← All Projects
Blackbaud · San Francisco, CA · 2014–2017

Zero to one: building a BI platform from scratch inside a CRM company

Product Manager, Business Intelligence · Nonprofit Software · Internal startup team of 6
Outcome0 to launch in 6 months, ~50% team productivity improvement, 6-figure enterprise deals

Strategic role of business intelligence

Blackbaud had been the dominant software provider to US nonprofits for three decades. But the ground was shifting. Cheaper, more modern CRM alternatives, Salesforce.org chief among them, were pulling customers out of the ecosystem. And when a nonprofit left the CRM, they typically left everything.

The small, startup-like division I joined had identified a response more nuanced than building a better CRM: if we could become indispensable on the data side, we could retain customer relationships even when they defected on the software. Nonprofits were increasingly fragmented across multiple platforms, spending significant time and consulting budget trying to piece together a coherent picture of their donors and fundraising performance.

We set out to solve that with a software-agnostic BI platform, one that could unify donation data from any source and give fundraising directors, marketing analysts, and development officers a single place to understand their revenue, donor retention, direct marketing results, and long-term giving behavior.

There was no playbook. We were a product team embedded inside a services division of a CRM company, building something the organization had never attempted, under pressure to be profitable in year one. Our internal peers doubted the market would accept a slim first release. We launched it anyway.
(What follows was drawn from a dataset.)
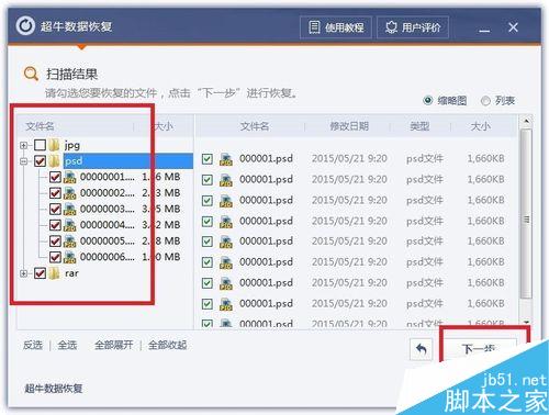 3、你可以选择扫描指定的文件格式。扫描之后会将能够恢复的文件罗列出来。点击“下一步”
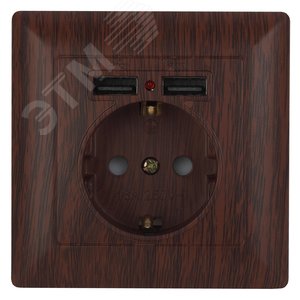 Розетка Intro Solo 4-410-10 с заземлением P+E Schuko со шторками, 16А-250В + 2хUSB, IP20, СУ, венге

VantagePoint: donor intelligence at a glance

VantagePoint was a tight collaboration between a small, close-knit team: our chief data architect designed the universal data model that made multi-source unification possible, our BI developer and backend team built the infrastructure, and I served as the connective tissue, translating customer needs into dashboard designs, data requirements, and visualization logic, then working closely with the architect to ensure the metrics we needed could be produced within the constraints of the universal model.
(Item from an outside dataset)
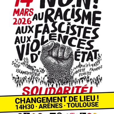 Une manifestation contre le racisme, les fascistes et les violences d’État est organisée le 14 mars à Toulouse dans le cadre d’une journée nationale de mobilisation dans plus de 100 villes. Initialement prévue dans le centre-ville, la marche a été contrainte de modifier son parcours après la décision de la préfecture de la Haute-Garonne d’interdire […]
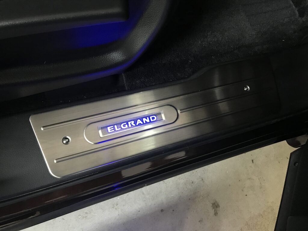 ドアを開ければELGRANDの文字が光るのが良い、踏みたくないですがお子様がいっぱいなので容赦なく踏まれるでしょう(笑)綺麗な時の写真を保存しとくことをお勧めします

My role shifted constantly depending on what the product needed. On any given week I might be running customer discovery, sketching dashboard layouts, writing detailed requirements, validating calculations in Tableau, or presenting to a sales prospect. The goal was always to give fundraising leaders an immediate read on organizational health without requiring them to be analysts.

🌟
Dashboard Designer
Chart types, layout hierarchies, interaction patterns, and visual encoding for every view in the product
💬
Voice of the Customer
Discovery, requirements gathering, usability testing, and sales support across the full customer lifecycle
📈
Data Visualization Expert
Hands-on Tableau development including complex calculated fields, filter logic, and cohort normalization
👥
Product Owner & Scrum Master
Backlog ownership, sprint planning, and stakeholder reviews, wearing both hats simultaneously when the team needed it

The first version of VantagePoint shipped in under six months with five dashboards covering the core use cases for direct marketing managers and fundraising directors. Early adoption gave us the user feedback, market validation, and internal credibility we needed to build the roadmap forward.

1
VantagePoint Executive Summary
Executive Summary Dashboard

The entry point for leadership: annual revenue and donor counts tracked against goal, quarterly breakdown, donor status split (new, reactivated, retained), 5-year trend, and a year-over-year scorecard, all in a single view. Clicking any quarter drills into the Revenue Summary below.

2
Direct Response Summary
Direct Response Summary

Full-year fundraising performance: revenue, cost, and net revenue tracked monthly with this-year vs. last-year comparisons, donor retention rate over time, and retained/reactivated/new donor counts by month, the dashboard that drives direct marketing strategy.

3
Donor Trends
Donor Trends: Multi-Campaign Comparison

Ten campaign types compared simultaneously across retention, giving level, frequency, recency, change in giving, revenue per donor, and 5-year acquisition trend, all in a single scannable layout. Hovering any data point surfaces full detail.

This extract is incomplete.